House Elections (1 p.m. | LOB 643): The committee will take testimony on potential voter ID legislation. Some of the speakers may be asked to speak about early voting as well. Those expected to speak include Brian Kemp, Georgia's Secretary of State, and Ion Sancho, Supervisor of Elections in Leon County, Florida. WRAL.com will carry the meeting live. Check the Video Central box on our home page.
Senate Finance (1 p.m. | LOB 544): The Senate will look at a massive tax system rewrite put forward by Sen. Dan Goldfield, D-Mecklenburg. The bill is scheduled for discussion only and is part of an ongoing series of discussions in advance of a GOP-lead effort to remake the state's tax system.
FROM TUESDAY: Among the stories we were following Tuesday were:
BENEFITS: County Departments of Social Service would be required to conduct criminal background checks on those applying for federal benefits under a bill that cleared the House Health and Human Services Committee on Tuesday. If someone applying for Food and Nutrition Assistance, what many people call food stamps, or Temporary Assistance for Needy Families, which are cash payments, is found to have an outstanding warrant, social service workers would be required to report them to local law enforcement under House Bill 392.
LOBBYING: A Wake County judge should reconsider throwing out a $30,000 fine against a former high-profile lobbyist who worked to change the state's "Buy America" law so that imported iron could be used on highway projects, the state Court of Appeals ruled Tuesday.
BILLS: Senators filed 144 bills in advance of a key deadline Tuesday. House lawmakers filed 35, but have more time to submit their ideas. Between the two chambers, more than 1,250 bills have been filed so far this year.

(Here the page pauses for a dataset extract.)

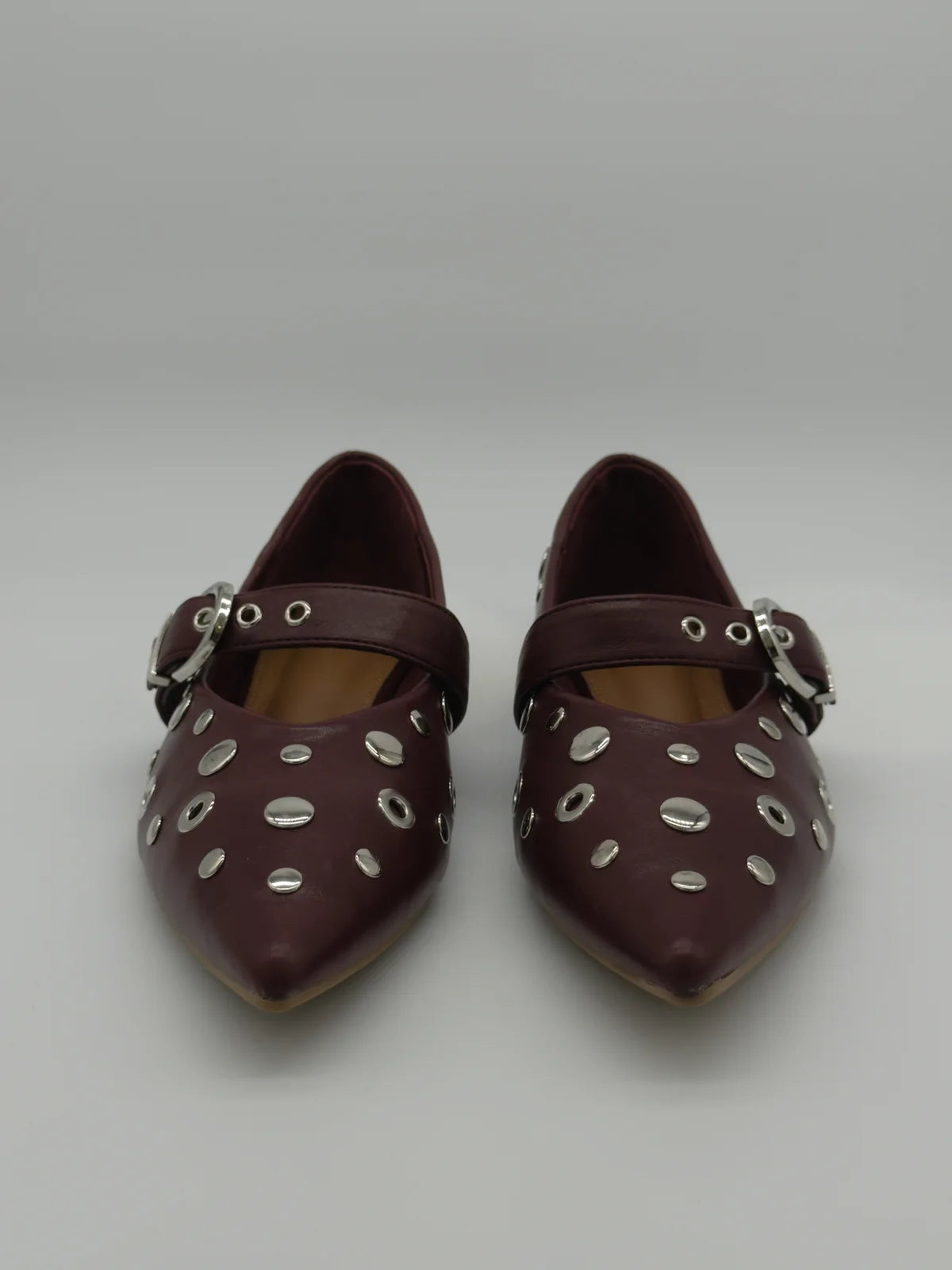 Estes sapatos rasos femininos com fivela e tachas unem elegância e ousadia num só modelo. Com biqueira fina e aplicações metálicas, estes sapatos foram pensados para mulheres que gostam de expressar o seu estilo com personalidade e confiança.

Among those filed yesterday was a measure by three freshmen senators who said they want to head off a policy that would allow students of the opposite sex to start sharing bathrooms and common living areas in University of North Carolina at Chapel Hill campus housing suites and apartments next fall.
Another bill would purport to allow for sectarian prayer during official meetings of government bodies, despite court rulings that say such actions are in violation of the U.S. Constitution.
BOATS: Senate lawmakers are debating a bill that would raise fees on boats across the state to pay for dredging for coastal inlets. Sponsor Sen. Harry Brown, R-On slow, said in a hearing Tuesday that the federal government used to pay for the dredging of shallow coastal inlets. But that money has dried up, and federal officials have made it clear it won't return.
AIRPORT: A Charlotte lawmaker said Tuesday that shifting control of the Charlotte-Douglas International Airport to a yet-to-be-created regional authority is critical for North Carolina's economic future. Rep. William Brawler, R-Mecklenburg, said the airport is poised to become a freight distribution hub for the eastern half of the U.S. as the Panama Canal expands and starts handling larger container ships next year.
GRADES: Public schools in North Carolina would get A through F letter grades to reflect their performance, starting next year, under legislation approved Tuesday by a House committee. House Bill 435, which passed easily on a voice vote, would modify the letter-grade system that was part of Senate President Pro Team Phil Berger's sweeping education reform package last year. Although the package never made it out of the House, portions were rolled into the state budget and approved.